→ **To do**
Beginning with the line containing "2015年4月30日,广东一" and going on through the line containing "M-1グランプリで披露したネ", the lines below are to be returned exactly, pictures excluded and nothing added.
====== Supplied records
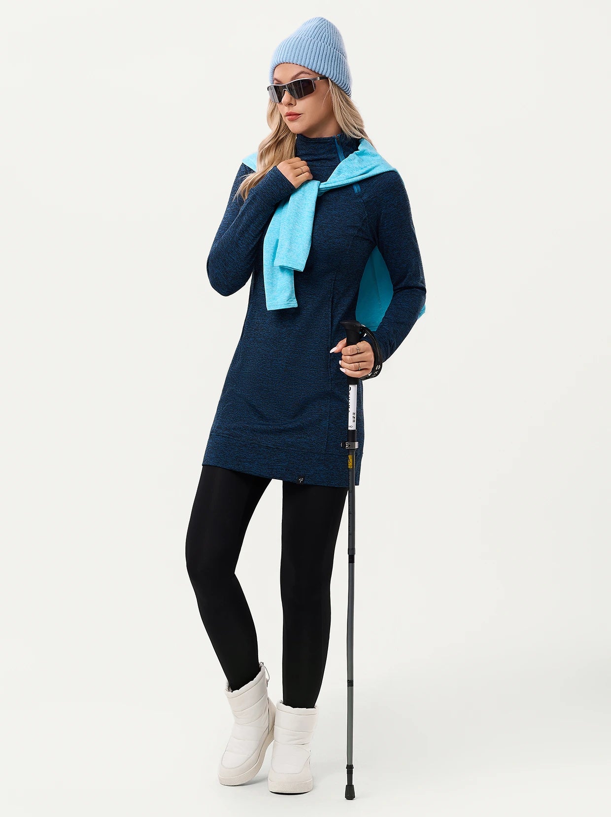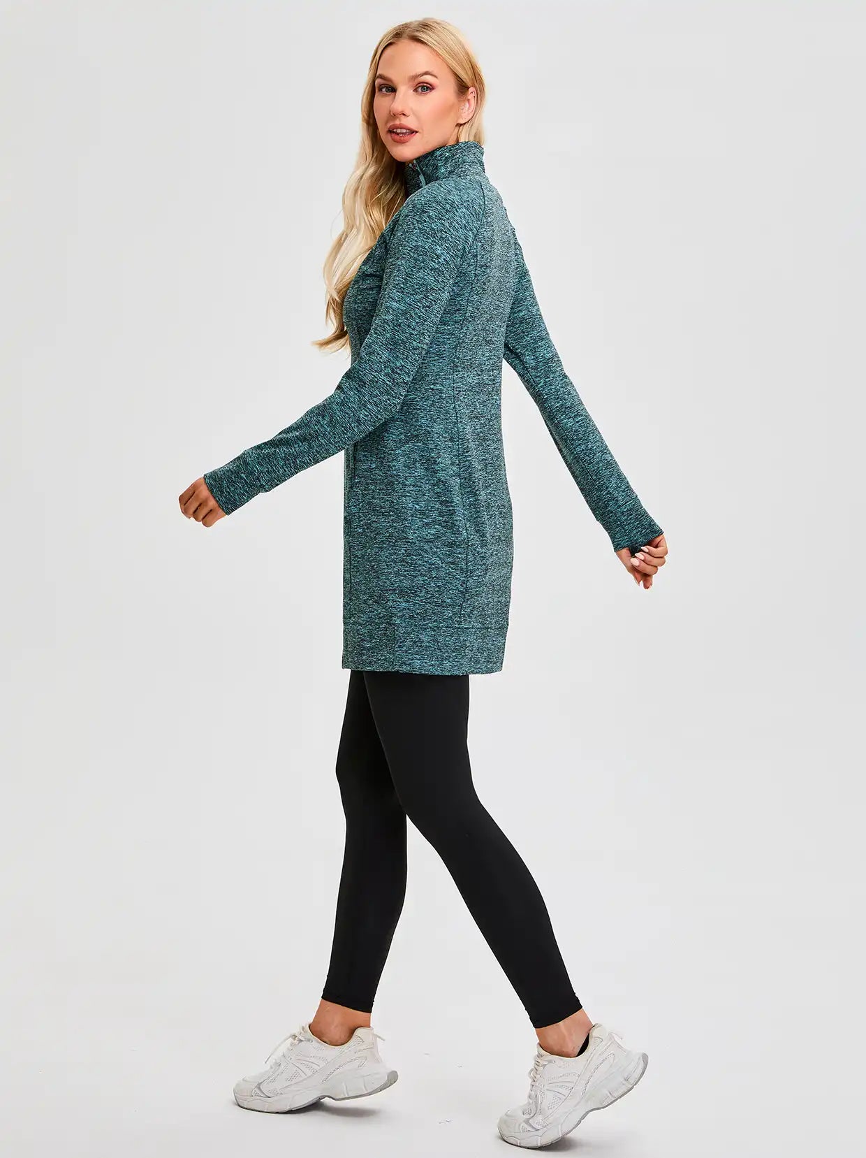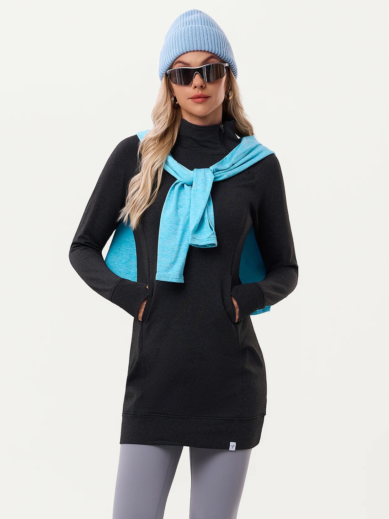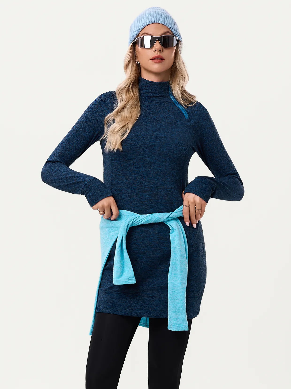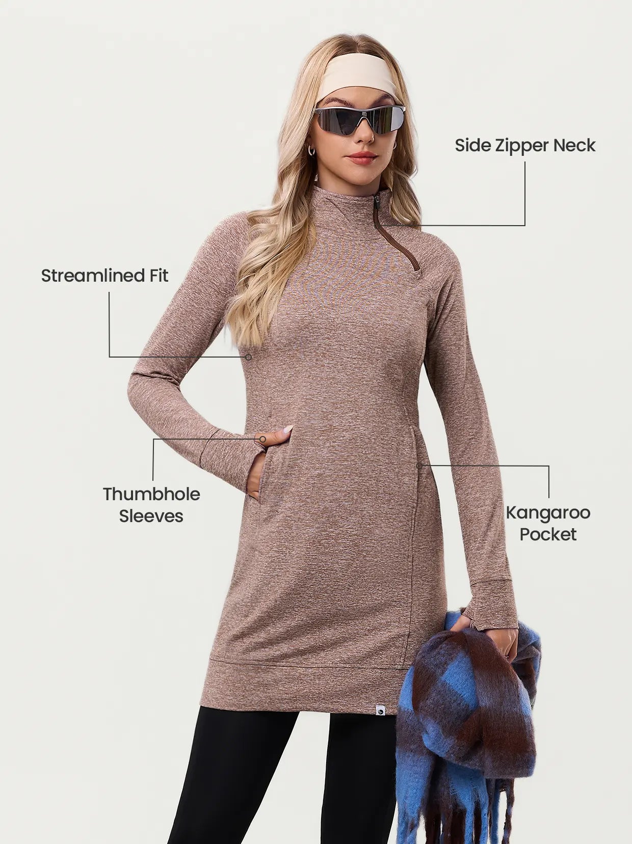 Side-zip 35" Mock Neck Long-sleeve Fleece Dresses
============
====== Supplied records
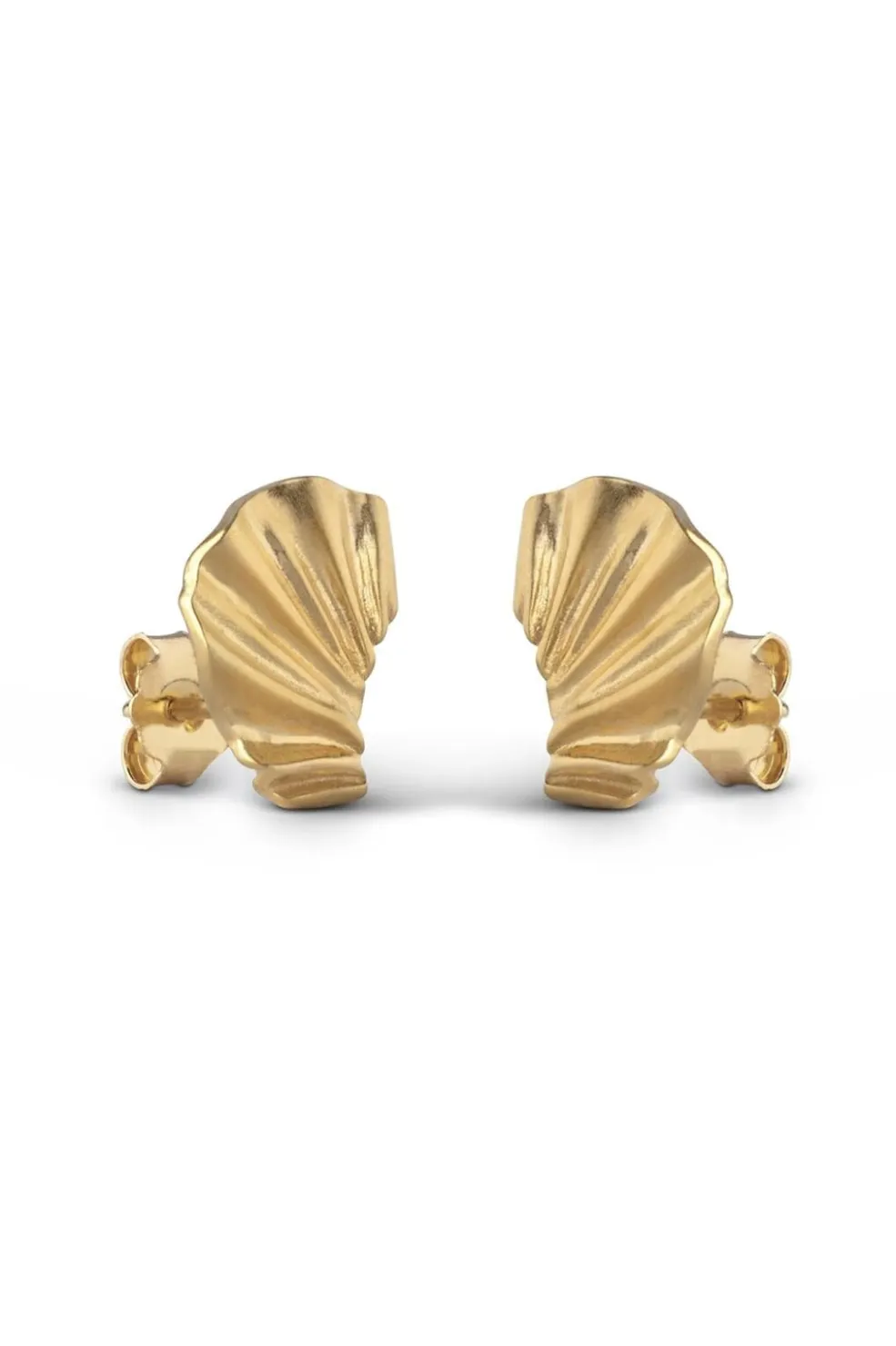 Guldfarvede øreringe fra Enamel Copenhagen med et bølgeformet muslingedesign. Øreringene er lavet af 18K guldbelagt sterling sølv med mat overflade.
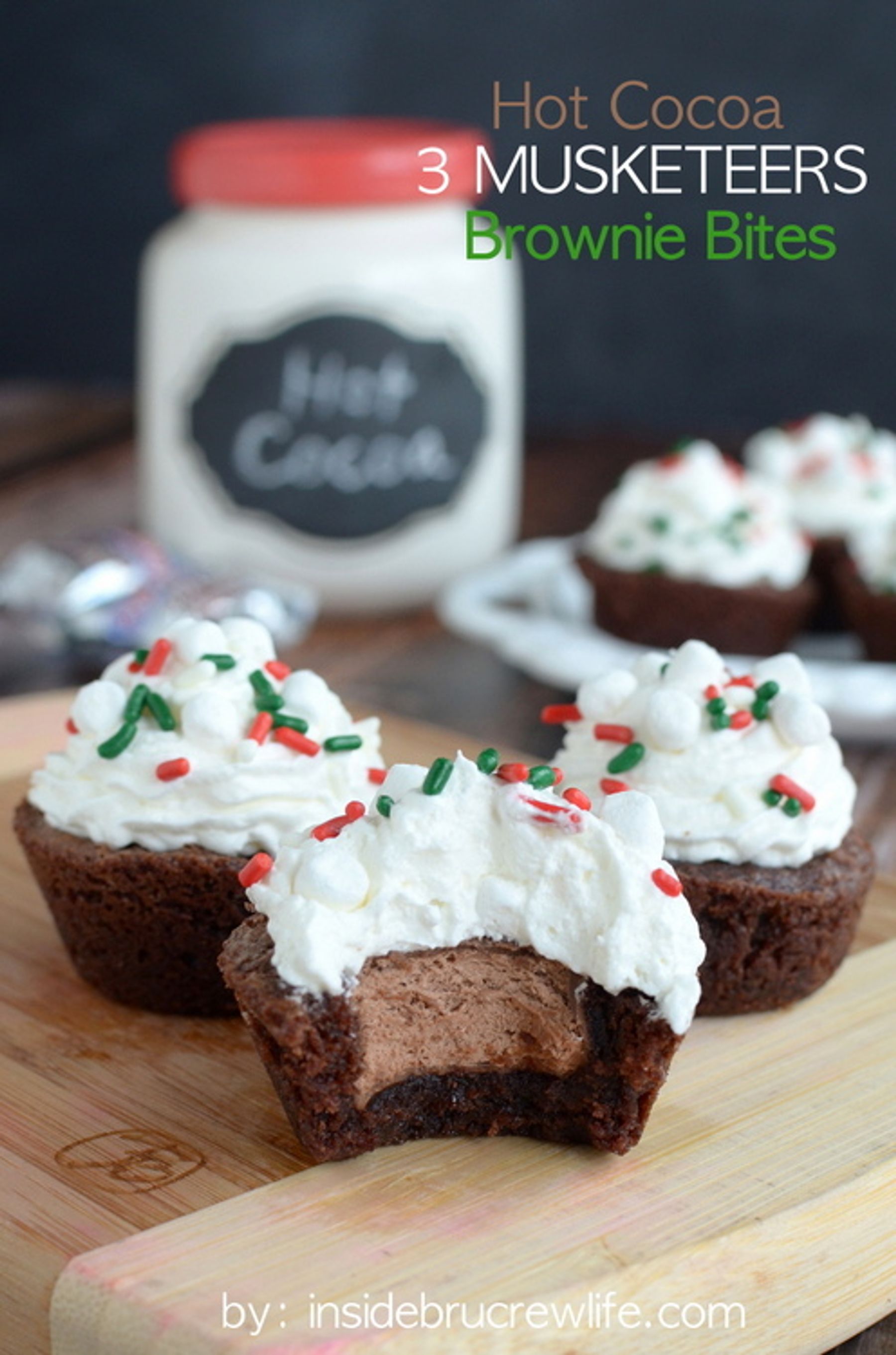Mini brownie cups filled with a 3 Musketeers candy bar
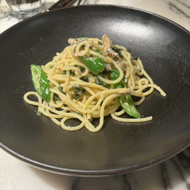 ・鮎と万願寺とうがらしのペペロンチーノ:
============
====== Supplied records
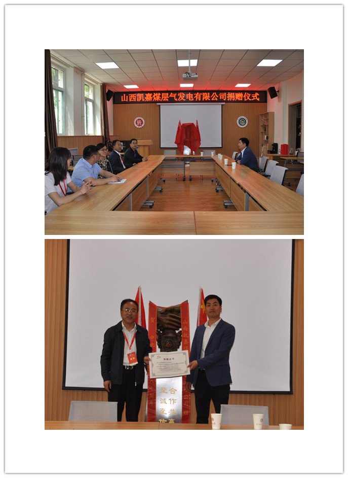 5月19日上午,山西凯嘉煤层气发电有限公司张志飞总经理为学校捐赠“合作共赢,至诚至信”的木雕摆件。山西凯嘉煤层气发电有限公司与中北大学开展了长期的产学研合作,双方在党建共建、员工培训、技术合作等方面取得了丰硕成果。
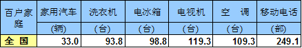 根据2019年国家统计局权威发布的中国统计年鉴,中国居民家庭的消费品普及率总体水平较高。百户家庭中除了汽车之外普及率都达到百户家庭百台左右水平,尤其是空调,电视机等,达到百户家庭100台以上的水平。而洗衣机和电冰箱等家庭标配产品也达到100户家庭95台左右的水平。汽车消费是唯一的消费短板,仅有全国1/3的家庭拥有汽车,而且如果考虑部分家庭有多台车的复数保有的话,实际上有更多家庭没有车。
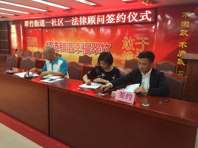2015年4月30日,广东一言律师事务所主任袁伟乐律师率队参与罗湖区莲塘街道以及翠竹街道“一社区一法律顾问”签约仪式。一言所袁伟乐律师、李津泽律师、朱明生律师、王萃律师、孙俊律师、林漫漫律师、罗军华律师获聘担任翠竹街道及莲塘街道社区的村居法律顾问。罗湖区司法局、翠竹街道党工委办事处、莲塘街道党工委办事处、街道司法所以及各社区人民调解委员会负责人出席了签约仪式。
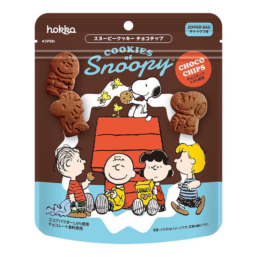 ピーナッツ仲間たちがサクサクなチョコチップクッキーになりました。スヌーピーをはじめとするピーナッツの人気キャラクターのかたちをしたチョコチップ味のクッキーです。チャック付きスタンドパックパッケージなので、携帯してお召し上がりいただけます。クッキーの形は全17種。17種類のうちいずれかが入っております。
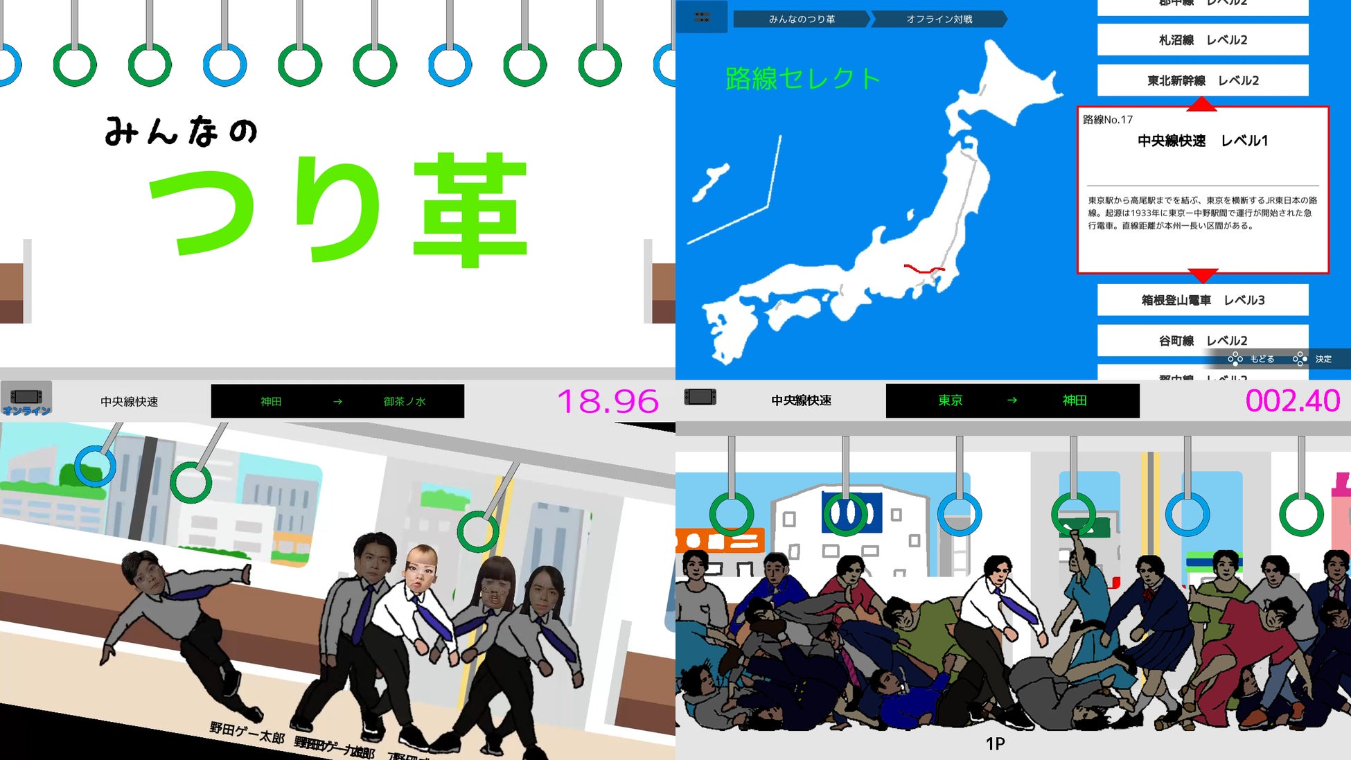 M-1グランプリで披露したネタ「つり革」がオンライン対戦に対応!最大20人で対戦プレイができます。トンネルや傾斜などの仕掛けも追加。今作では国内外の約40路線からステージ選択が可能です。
============
→ **Task result**
2015年4月30日,广东一言律师事务所主任袁伟乐律师率队参与罗湖区莲塘街道以及翠竹街道“一社区一法律顾问”签约仪式。一言所袁伟乐律师、李津泽律师、朱明生律师、王萃律师、孙俊律师、林漫漫律师、罗军华律师获聘担任翠竹街道及莲塘街道社区的村居法律顾问。罗湖区司法局、翠竹街道党工委办事处、莲塘街道党工委办事处、街道司法所以及各社区人民调解委员会负责人出席了签约仪式。
 ピーナッツ仲間たちがサクサクなチョコチップクッキーになりました。スヌーピーをはじめとするピーナッツの人気キャラクターのかたちをしたチョコチップ味のクッキーです。チャック付きスタンドパックパッケージなので、携帯してお召し上がりいただけます。クッキーの形は全17種。17種類のうちいずれかが入っております。
 M-1グランプリで披露したネタ「つり革」がオンライン対戦に対応!最大20人で対戦プレイができます。トンネルや傾斜などの仕掛けも追加。今作では国内外の約40路線からステージ選択が可能です。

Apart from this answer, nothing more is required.